[Start of section]

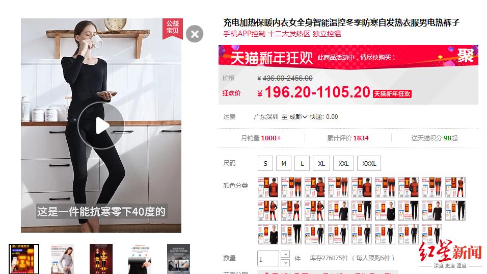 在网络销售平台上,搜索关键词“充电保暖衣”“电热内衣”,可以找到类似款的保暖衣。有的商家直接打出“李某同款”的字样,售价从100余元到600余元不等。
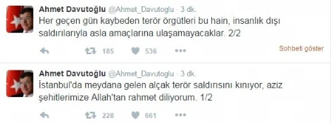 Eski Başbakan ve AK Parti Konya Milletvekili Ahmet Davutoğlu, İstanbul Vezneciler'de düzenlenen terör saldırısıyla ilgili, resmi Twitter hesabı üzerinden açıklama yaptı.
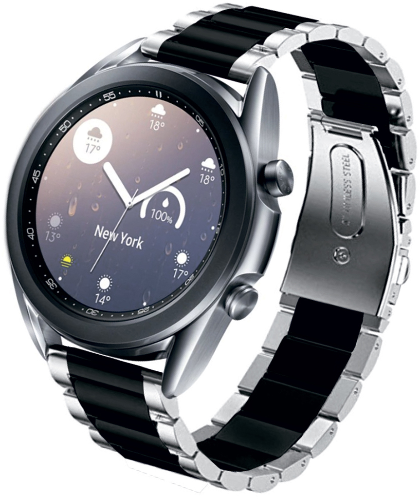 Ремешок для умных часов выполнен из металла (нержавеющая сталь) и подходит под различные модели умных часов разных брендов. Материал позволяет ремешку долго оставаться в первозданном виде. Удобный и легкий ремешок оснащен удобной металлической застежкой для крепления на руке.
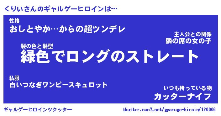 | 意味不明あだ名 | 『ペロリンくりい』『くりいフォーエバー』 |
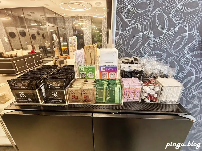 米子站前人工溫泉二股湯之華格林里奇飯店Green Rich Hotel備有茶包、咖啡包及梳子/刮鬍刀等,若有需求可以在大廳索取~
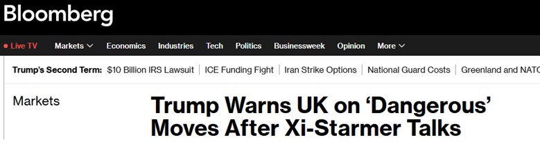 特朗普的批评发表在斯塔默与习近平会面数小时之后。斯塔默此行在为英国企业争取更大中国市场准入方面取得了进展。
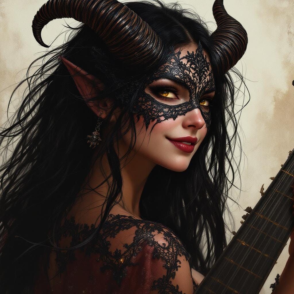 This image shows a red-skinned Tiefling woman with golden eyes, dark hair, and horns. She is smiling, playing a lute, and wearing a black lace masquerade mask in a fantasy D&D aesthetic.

[End of section]
[Start of section]

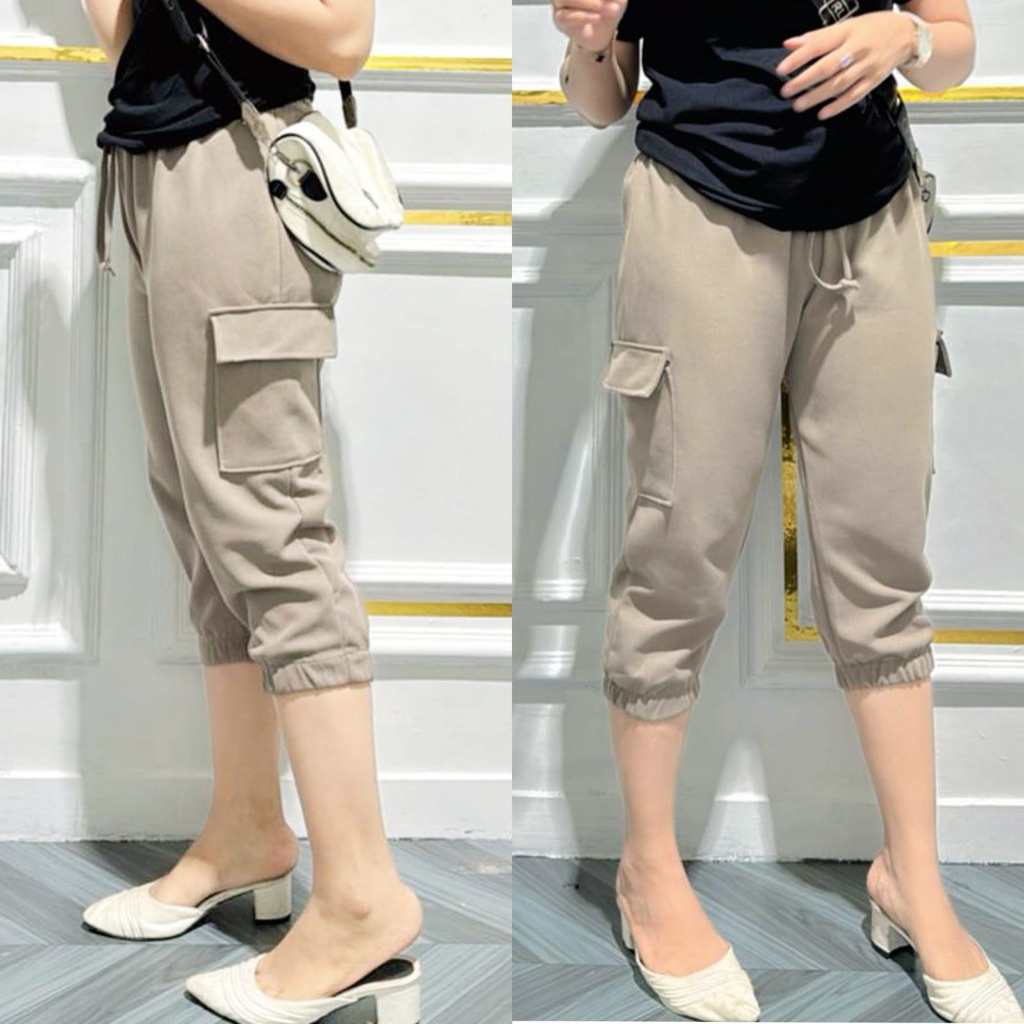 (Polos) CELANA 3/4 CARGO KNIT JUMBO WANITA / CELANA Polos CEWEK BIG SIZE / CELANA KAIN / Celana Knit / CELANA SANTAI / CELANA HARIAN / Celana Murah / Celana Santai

[End of section]
[Start of section]

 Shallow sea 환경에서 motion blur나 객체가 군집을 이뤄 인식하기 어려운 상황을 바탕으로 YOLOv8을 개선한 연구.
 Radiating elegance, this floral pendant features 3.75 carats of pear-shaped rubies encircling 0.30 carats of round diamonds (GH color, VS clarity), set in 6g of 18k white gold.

[End of section]

- **ABOUT THIS TASK**
Above are the lines; repeat exactly the ones from the line containing "Shallow sea 환경에서" down to the line containing "Radiating elegance, this", both inclusive.

- **ANSWER BOX**
 Shallow sea 환경에서 motion blur나 객체가 군집을 이뤄 인식하기 어려운 상황을 바탕으로 YOLOv8을 개선한 연구.
 Radiating elegance, this floral pendant features 3.75 carats of pear-shaped rubies encircling 0.30 carats of round diamonds (GH color, VS clarity), set in 6g of 18k white gold.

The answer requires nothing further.